Sales Tax and Construction
Although most states do not impose sales tax on construction services, contractors need to be aware of sales tax rules when they purchase and bill for supplies that they use. Lump-sum contracts and time and materials contracts can create very different sales tax obligations, and it’s beneficial to be aware of certain organizations’ tax-exempt status and how it could translate to your contractor.
When negotiating a contract, most contractors use either a “lump-sum” contract or a “time and material” contract. While others can be used, these two are the most typical for non-governmental contracts. If you use a “lump-sum” contract, you are agreeing to perform the contract for a single stated amount. When using a “time and material” contract, the stated contract amount will be based on and include actual rates for all workers, and separately charge for supplies and materials used. In some states, the type of contract you use may affect when you will have to pay sales taxes on materials and supplies purchased.
In the majority of states construction firms do not have to collect sales taxes on the services they provide. However, they are treated as consumers of supplies and materials used in construction projects and generally have to pay sales or use taxes at the time of purchase. This means that any materials and supplies you purchase are taxable at the time of purchase. But you won’t have to pay sales tax upon the sale of the finished construction.

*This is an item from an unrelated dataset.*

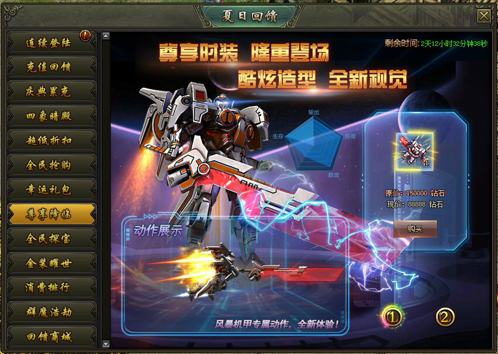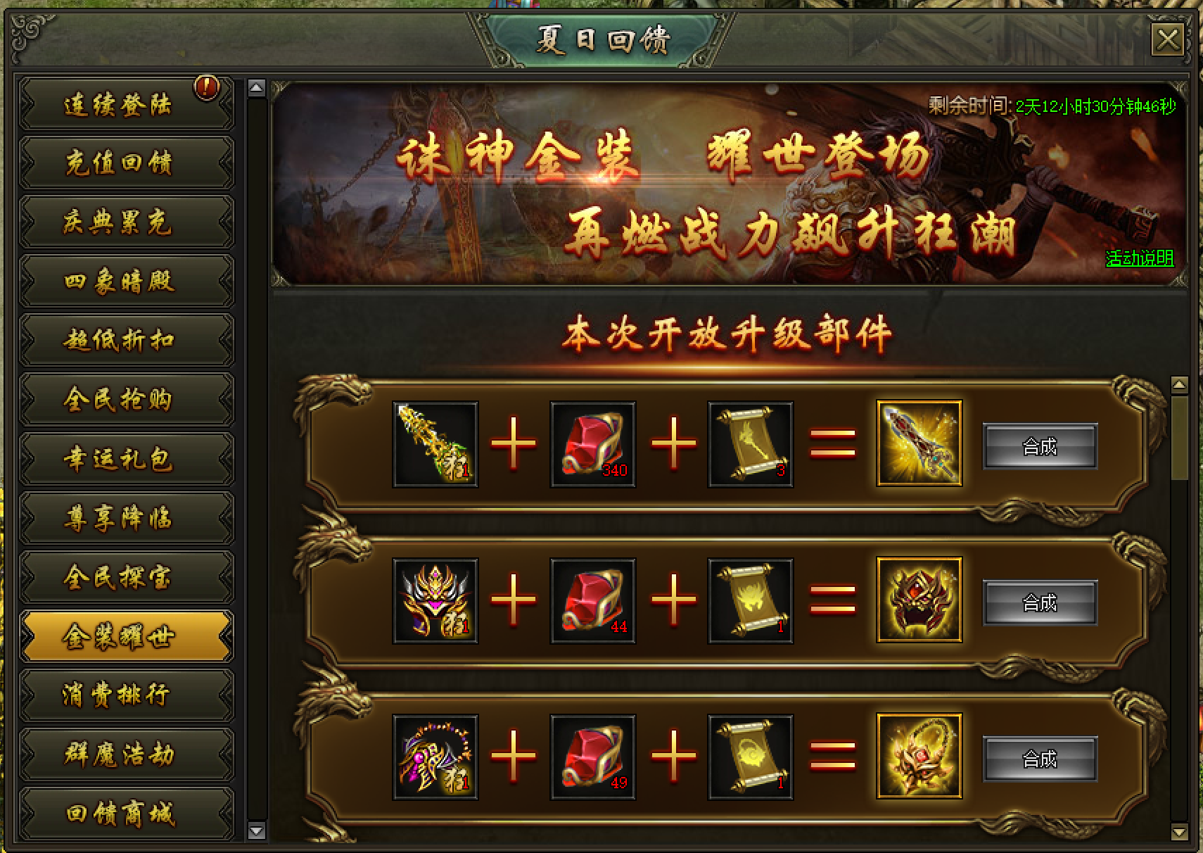 活动说明:活动期间,诛神金装耀世登场,穿戴之后战力飙升。

In addition, the states that do require construction contractors to pay sales tax on purchases may provide exceptions to the rule, and these exemptions will depend on the type of contract negotiated with the client as well as who your clients are (for example, if they are government or non-profit agencies.)
This is important, because in many cases the clients’ tax exemption may not flow to the contractor. So if the client is exempt, then it may be wise to have the customer actually purchase the materials. In some states, exempt organizations are allowed to buy materials and supplies for a project tax-free. However, tax assessors look at the transaction very carefully to ensure that either the exempt organization or an agent authorized to act on their behalf is indeed making the purchase. Most states do not allow contractors to use an organization’s exempt status unless they are the organization’s authorized agent; the distinction may seem trivial, but states use it to ensure as a check to prevent abuse of the organization’s exempt status.